Sanders spoke on April 15 at a rally opposing Fast Track and corporate-friendly trade deals. (Photo: AFGE/flickr/cc)

Sen. Bernie Sanders, who said at the end of April that he would challenge Hillary Clinton for the Democratic presidential nomination, will officially launch his run for president on Tuesday in Burlington, Vermont, campaign officials announced this week.

Burlington is where Sanders began his political career, serving as mayor from 1981 to 1989, before going on to represent Vermont in the U.S. House and Senate.

"My hometown of Burlington and the people of Vermont have a special place in my heart," Sanders said. "There is nowhere else in the world where I would hold an event this important."

He continued:

In Vermont, I have learned that focusing on important issues and not engaging in negative campaigns is what people want. I have learned that grassroots campaigning — holding town meetings, knocking on doors, face-to-face discussions — is more important than money in winning elections. That is what I have done in Vermont and that is the lesson I will take with me around the country on this national campaign.

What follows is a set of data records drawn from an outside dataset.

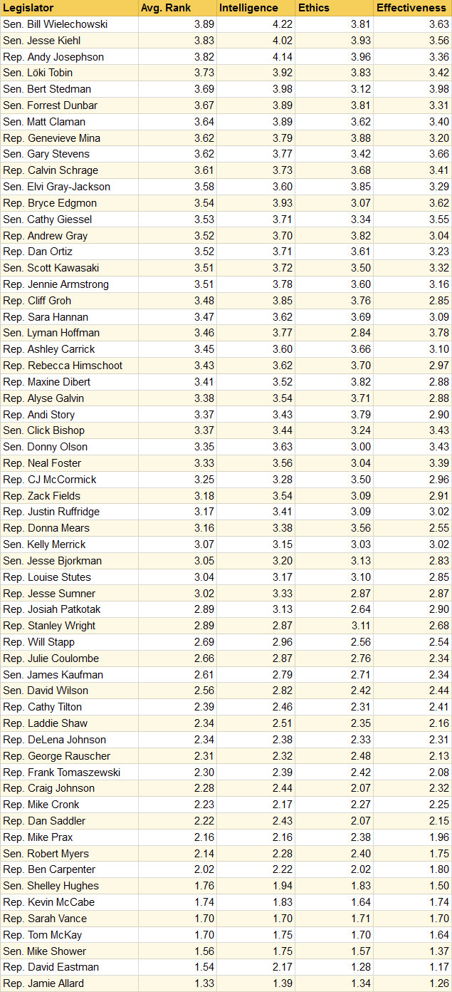 The 2023 Alaska Legislator rankings are here!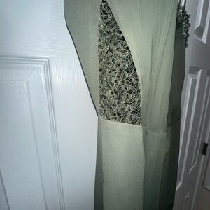 The River jumpsuit in khaki is tailored to a sleeveless, short silhouette. It’s detailed with an asymmetric shoulder that seamlessly wraps to an open back with lace detailing. Imitate the simple silhouette throughout your outfit with simple heels and a cover-up.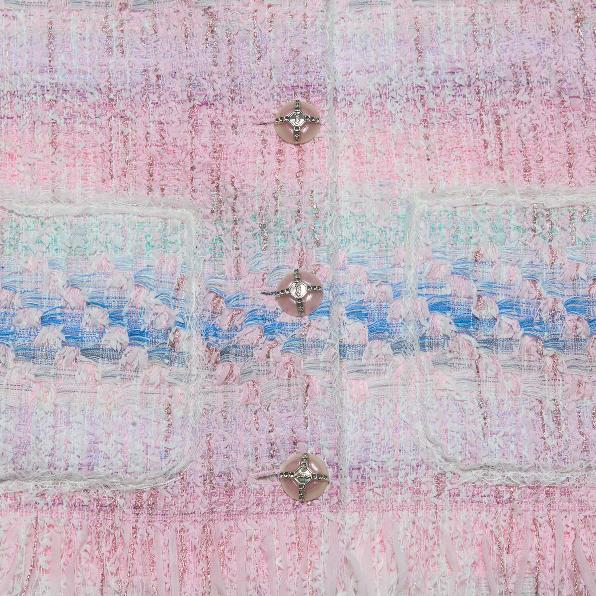 首先在面料選用上,此系列嚴選來自義大利、法國等地的頂級供應商——包括有百年歷史的刺繡工坊與頂級花呢廠,確保每件作品的觸感、光澤與垂墜度皆達到精緻層次。輪廓設計則考量東方女性身形比例,並強調「舒適與挺度並存」,在修飾線條的同時保留動態空間,讓穿著者在優雅中自如移動。

The formal kickoff will set the stage for the campaign to come. I will lay out an 'Agenda for America' which addresses the major crises we face and a vision of a government which works for all of our people and not just the billionaire class.

There will be free Ben & Jerry's ice cream at the kick-off. According to the Huffington Post, Jerry Greenfield, one half of the duo that created the Vermont-based ice cream company, hopes to personally scoop ice cream for Sanders at the event.

"I love Bernie’s take on the issues about inequality in this country, about the incredible discrepancy between wealth and poor, and that we’re just not taking care of people," Greenfield reportedly said.